Notifications You must be signed in to change notification settings

212850a/aws-archive

Folders and files

NameName
Last commit message
Last commit date

Latest commit

 

History

8 Commits
 
 
 
 
 
 

Repository files navigation

aws-archive

Overview

This instruction describes the way how to store your really important backups in encrypted format in AWS Glacier Deep Archive and pay for that really small (1$ per 1PB in a month). More details - AWS Glacier Deep Archive as off-site backup solution

Preparations

S3 bucket

Create S3 Bucket (no private access, disable object lock - default ones), let's call it my-deep-archive

AWS User Policy

  1. Create AWS user with access key (archiver)
  2. Create at least the following two policies to have ability to see what buckets exist and what objects are inside my-deep-archive bucket. Limit usage of policies for specific ip-address (77.77.77.77 in example below):
  • ListBucket
{
    "Version": "2012-10-17",
    "Statement": [
        {
            "Sid": "VisualEditor0",
            "Effect": "Allow",
            "Action": "s3:ListBucket",
            "Resource": [
                "arn:aws:s3:::my-deep-archive"
            ],
            "Condition": {
                "IpAddress": {
                    "aws:SourceIp": "77.77.77.77/32"
                }
            }
        },
        {
            "Sid": "VisualEditor1",
            "Effect": "Allow",
            "Action": "s3:HeadBucket",
            "Resource": "*",
            "Condition": {
                "IpAddress": {
                    "aws:SourceIp": "77.77.77.77/32"
                }
            }
        }
    ]
}
  • PutObject
{
    "Version": "2012-10-17",
    "Statement": [
        {
            "Sid": "VisualEditor0",
            "Effect": "Allow",
            "Action": "s3:PutObject",
            "Resource": "arn:aws:s3:::my-deep-archive/*",
            "Condition": {
                "StringEquals": {
                    "s3:x-amz-storage-class": "DEEP_ARCHIVE"
                },
                "IpAddress": {
                    "aws:SourceIp": "77.77.77.77/32"
                }
            }
        }
    ]
}
  1. Assign created policies for your archiver user via AWS IAM.

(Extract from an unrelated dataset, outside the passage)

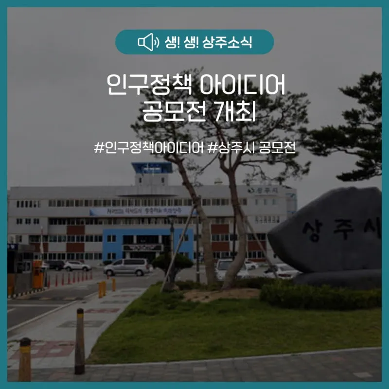 상주시는 인구감소와 지역소멸 문제 해결을 위해 시민들의 관심을 높이고, 저출생 극복과 인구 유입 확대에 기여할 수 있는 창의적인 아이디어를 발굴하고자 「상주시 인구정책 아이디어 공모전」을 개최합니다.

AWS Command Line Interface

Install AWS CLI with PIP - it's recommended as GLACIER and DEEP_ARCHIVE as storage options are available since 2019 only and if you use old stable OS release (as example Ubuntu 18.04), the version of AWS CLI from package manager may not have this functionality still.

pip3 install --upgrade --user awscli
cd ~/.local/bin
ls aws*
aws  aws.cmd  aws_bash_completer  aws_completer  aws_zsh_completer.sh
aws --version
aws-cli/1.18.51 Python/3.6.9 Linux/4.15.0-54-generic botocore/1.16.1

By first step you have to configure AWS CLI - specify user Access Key, Secret Access Key, default region and output format.

$ aws configure
AWS Access Key ID [None]: AKIAIOSFODNN7EXAMPLE
AWS Secret Access Key [None]: wJalrXUtnFEMI/K7MDENG/bPxRfiCYEXAMPLEKEY
Default region name [None]: eu-west-1
Default output format [None]: table

I use eu-west-1 (Ireland) as GLACIER and GLACIER DEEP ARCHIVE are the cheapest there and in Stockholm either as per Amazon S3 pricing.

Additionally CloudHarmony AWS Network Test S3 gives me the best results for latency and downlink for eu-west-1 from Lithuania, Vilnius where I'm based today.

Duplicity

Duplicity is the tool which will be used to create encrypted (with gpg) backup archives which then with a help of aws cli will be sent to AWS Glacier (or Glacier Deep Archive).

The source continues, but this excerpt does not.